[Your objective]: Nothing but the lines from the top of the data to the line holding "Η Φινλανδία και" should be printed, word for word and both ends included; leave the pictures out.

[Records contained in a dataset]
┄┄┄┄┄┄

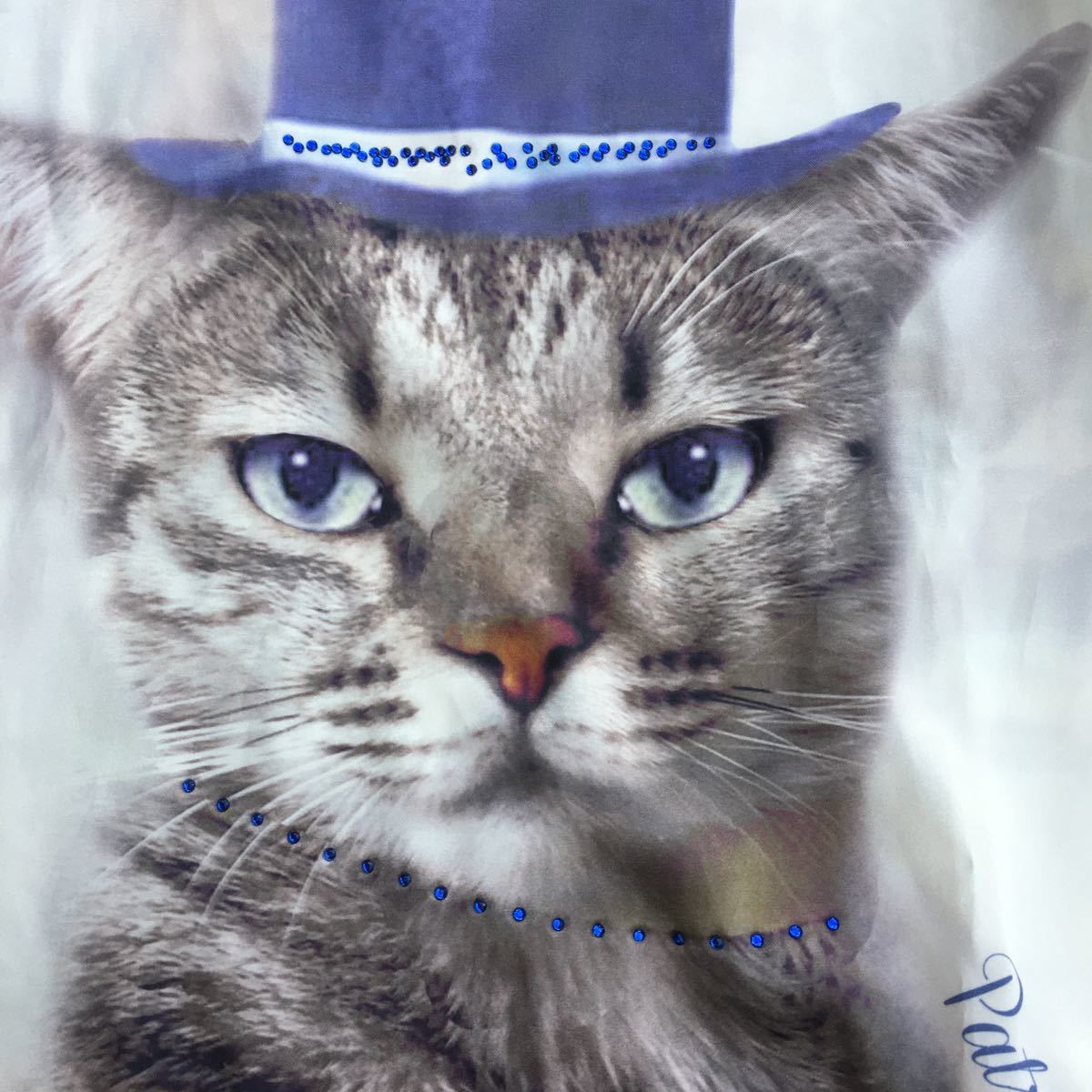 帽子や猫の首部分にラインストーンが散りばめられているのが、お洒落です。
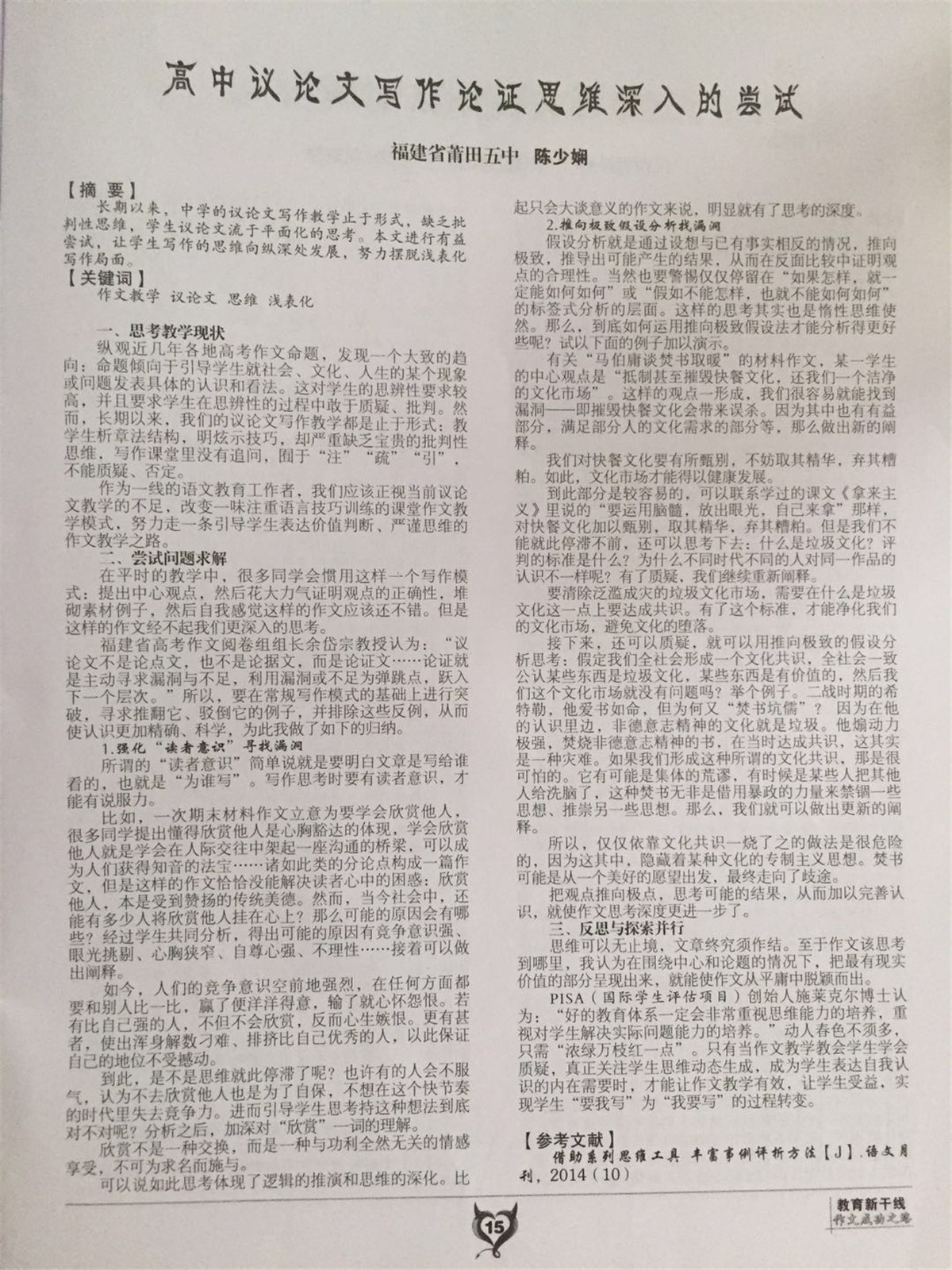 【CN论文】高中议论文写作论证思维深入的尝试-语文组陈少娴
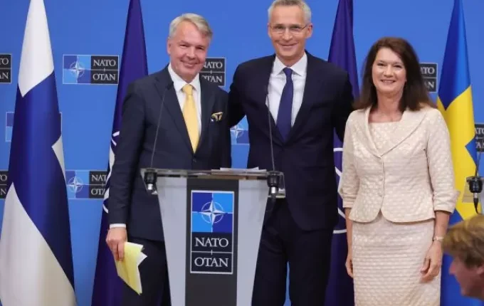 Η Φινλανδία και η Σουηδία πλέον θα έχουν το καθεστώς των χωρών που έχουν προσκληθεί από τη Συμμαχία και θα συμμετέχουν στις συζητήσεις του ΝΑΤΟ ανέφερε ο Γενικός Γραμματέας της Συμμαχίας Γενς Στόλτενμπεργκ στην κοινή συνέντευξη Τύπου που παραχώρησε με τον Φινλανδό Υπουργό Εξωτερικών Πέεκα Χααβίστο και την Σουηδή ομόλογό του Αν Λίντε μετά την υπογραφή των πρωτοκόλλων προσχώρησης.
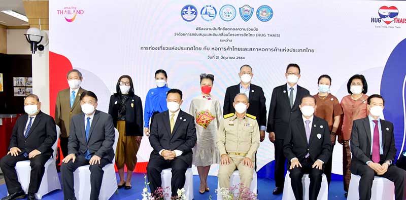 นายพิพัฒน์ รัชกิจประการ รัฐมนตรีว่าการกระทรวงการท่องเที่ยวและกีฬา เป็นประธานในพิธีลงนามบันทึกข้อตกลงความร่วมมือว่าด้วยการสนับสนุนและขับเคลื่อนโครงการ “ฮักไทย(HUG THAIS)” รวมใจ ไทยไม่ทิ้งกันระหว่างการท่องเที่ยวแห่งประเทศไทย (ททท.) หอการค้าไทย และสภาหอการค้าแห่งประเทศไทย และเผยว่า เนื่องจากสถานการณ์การแพร่ระบาดของโควิด-19 ส่งผลให้ผู้ประกอบการท่องเที่ยวไทยได้รับผลกระทบอย่างหนัก ทยอยปิดตัวลงมีผู้ตกงานและรายได้ลดลงกว่า 80-90% จึงได้กำหนดนโยบายเพื่อแก้ปัญหา อาทิมาตรการเยียวยา แนวทางจัดสรรวัคซีนให้กับประชาชนทั่วไปในจังหวัดที่จะทำการต้อนรับนักท่องเที่ยว ต้องได้รับการฉีดวัคซีน 70% ของประชากรทั้งหมดและผู้ประกอบการท่องเที่ยวจะต้องได้รับวัคซีนแล้ว 100% เพื่อสร้างความมั่นใจให้กับทุกคน รวมถึงการเปิดรับนักท่องเที่ยวชาวต่างชาติตามนโยบายการเปิดประเทศ (Phuket Sandbox) ในวันที่ 1 กรกฎาคม 2564 ซึ่งอนุญาตให้นักท่องเที่ยวได้รับวัคซีนครบแล้วสามารถเข้าประเทศไทยได้โดยไม่ต้องกักตัว 14 วัน แต่ต้องพำนักในที่พักหรือโรงแรมที่ได้รับรองเครื่องหมาย SHA+ (SHA Plus) หรือสัญลักษณ์มาตรฐานท่องเที่ยวปลอดภัยด้านสุขอนามัยโดย ททท. และ สธ. เพื่อยืนยันมาตรการด้านความปลอดภัย
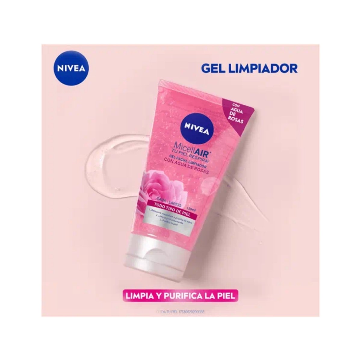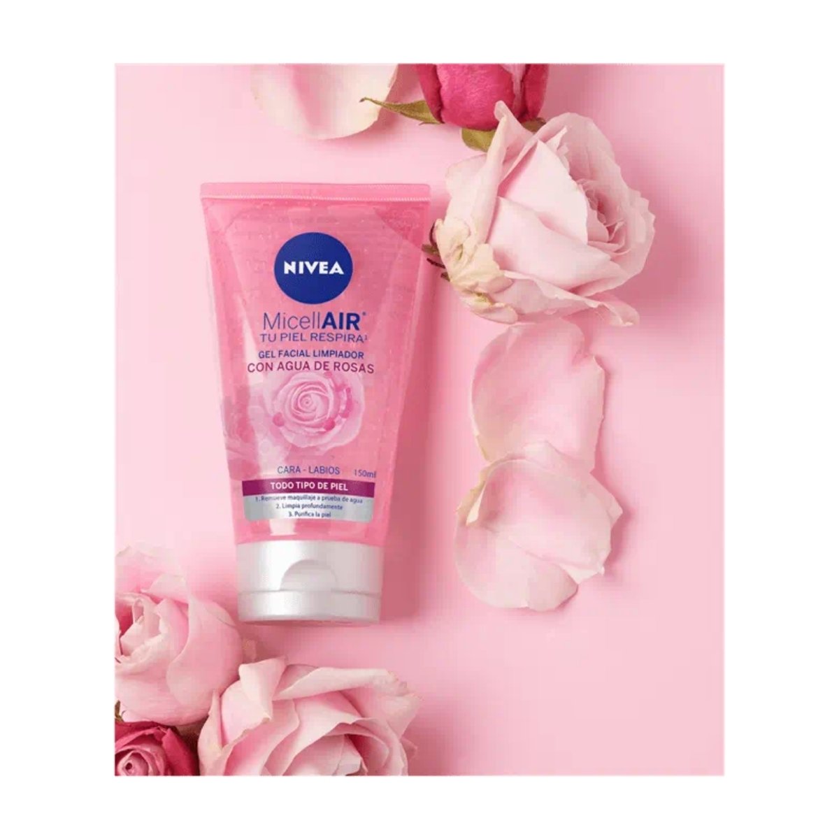 Gel limpiador facial NIVEA con agua de rosas que purifica y refresca la piel.
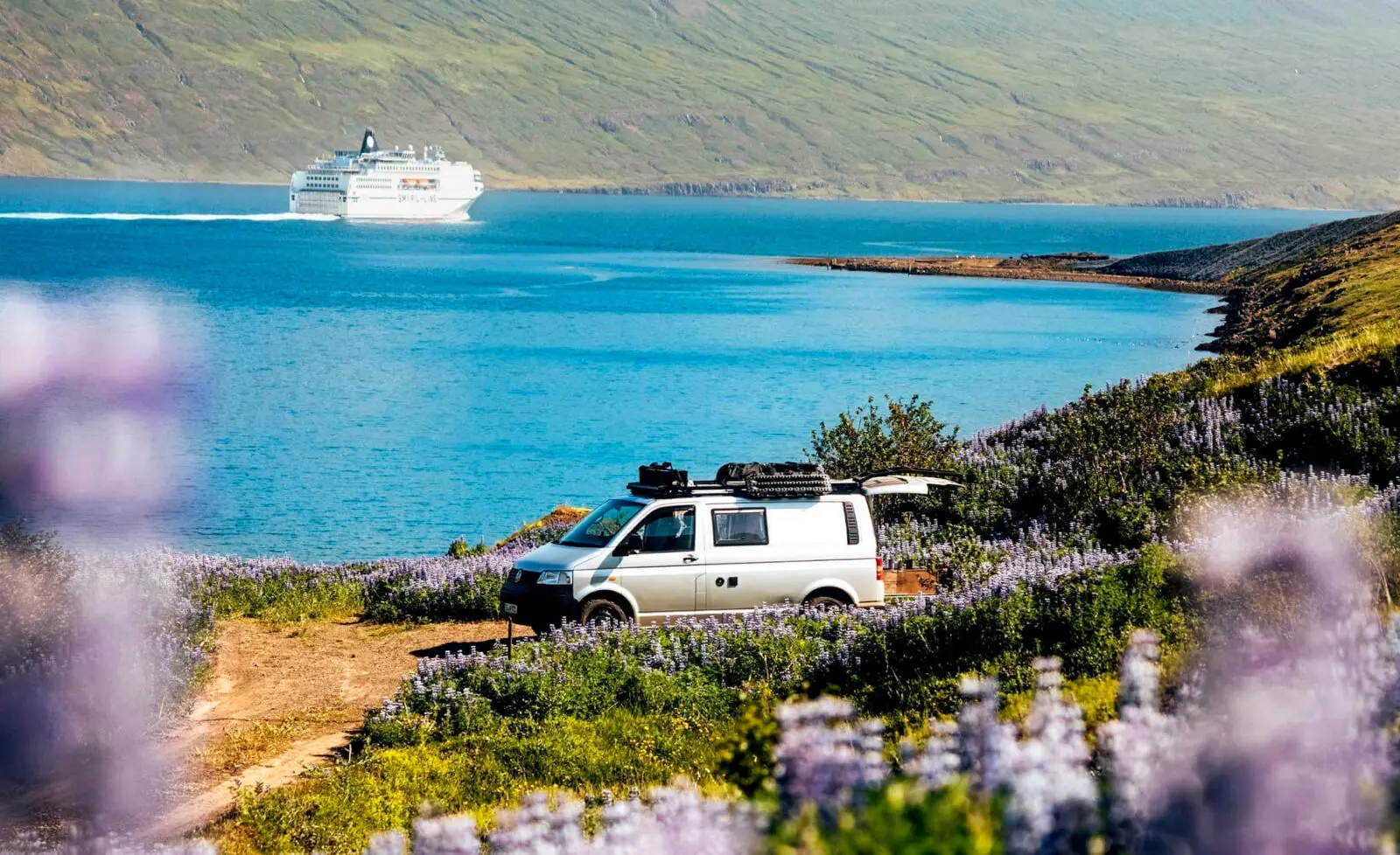 With Smyril Line, you can travel to Iceland aboard the ferry Norröna, enjoying a relaxed journey across the North Atlantic while bringing your own car, camper, or motorcycle.
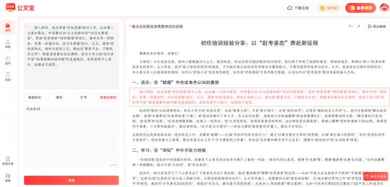 写作过程中难免反复调整。公文宝支持即时修改功能,用户可选取文章中任意不满意部分,系统立即进行二次优化或重写,大幅减少修改时间,让写作流程更流畅。
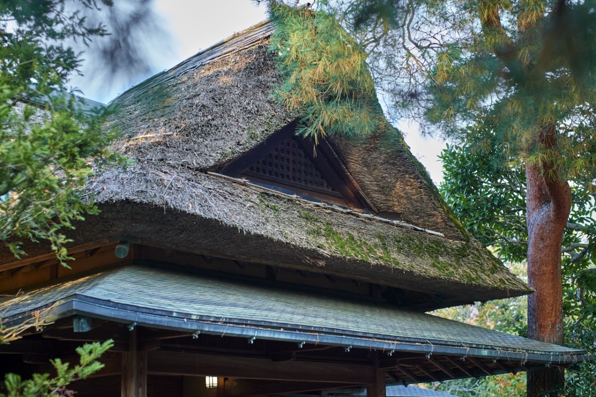 久保木:家屋は、和風建築の大工や左官などを東京から呼び寄せて住み込みで建ててもらい、2年7カ月で延べ3万5000人という人手を雇いました。東京でトップクラスの職人たちによる技術は申し分なく、建材は関西に調達に行って買い求めた銘木づくしの家です。3つの棟のうち、東棟は民家風の茅葺き屋根が施された豪農風。これは先祖の家を再興したことを示す象徴的なものです。中棟は貴顕の来客を接待するための格式ある書院造り、西棟は母・美以さんのために数寄屋造りの座敷を設けました。中棟の2階にはソファを置いた洋間もあります。これに、土蔵や長屋門を加えると、総建坪は400坪近くになります。3つの棟が建築様式を異にしながら違和感なく溶け込み、心地の良い変化と趣を味わうことができます。
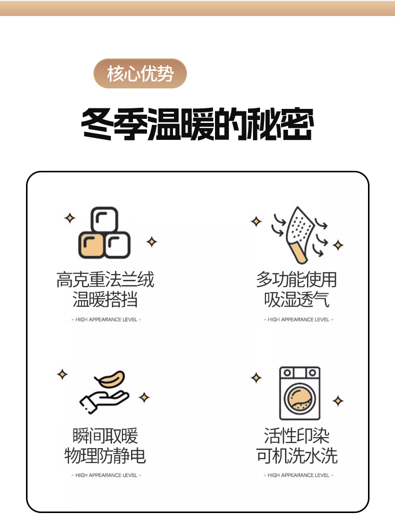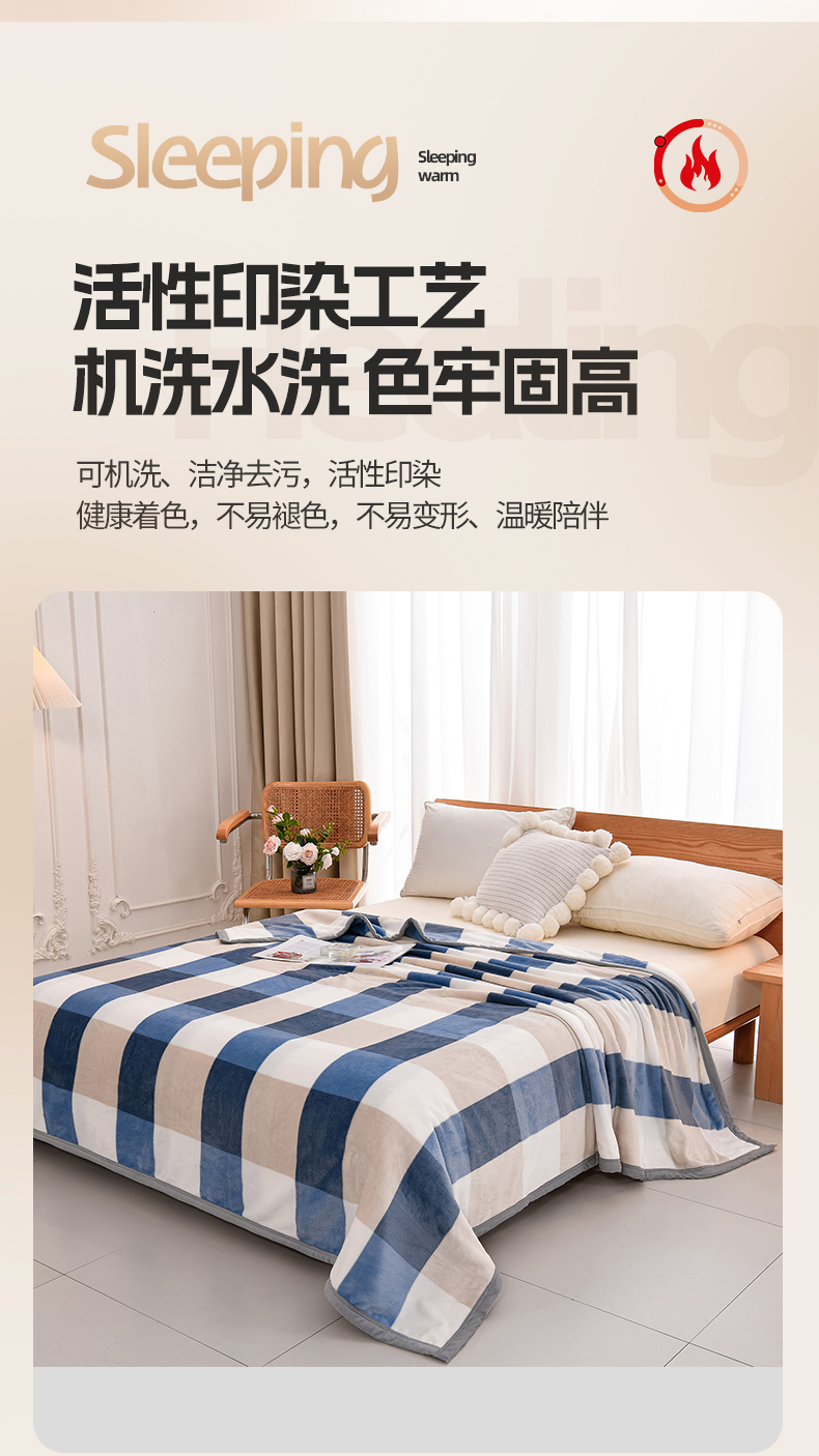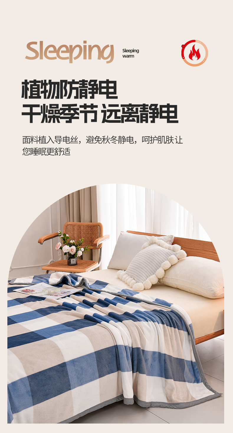 商品名称:仟人梦 2024新款A类高克重保暖法兰绒多功能保暖毛毯 浅驼

┄┄┄┄┄┄

[Task output]:
 帽子や猫の首部分にラインストーンが散りばめられているのが、お洒落です。
 【CN论文】高中议论文写作论证思维深入的尝试-语文组陈少娴
 Η Φινλανδία και η Σουηδία πλέον θα έχουν το καθεστώς των χωρών που έχουν προσκληθεί από τη Συμμαχία και θα συμμετέχουν στις συζητήσεις του ΝΑΤΟ ανέφερε ο Γενικός Γραμματέας της Συμμαχίας Γενς Στόλτενμπεργκ στην κοινή συνέντευξη Τύπου που παραχώρησε με τον Φινλανδό Υπουργό Εξωτερικών Πέεκα Χααβίστο και την Σουηδή ομόλογό του Αν Λίντε μετά την υπογραφή των πρωτοκόλλων προσχώρησης.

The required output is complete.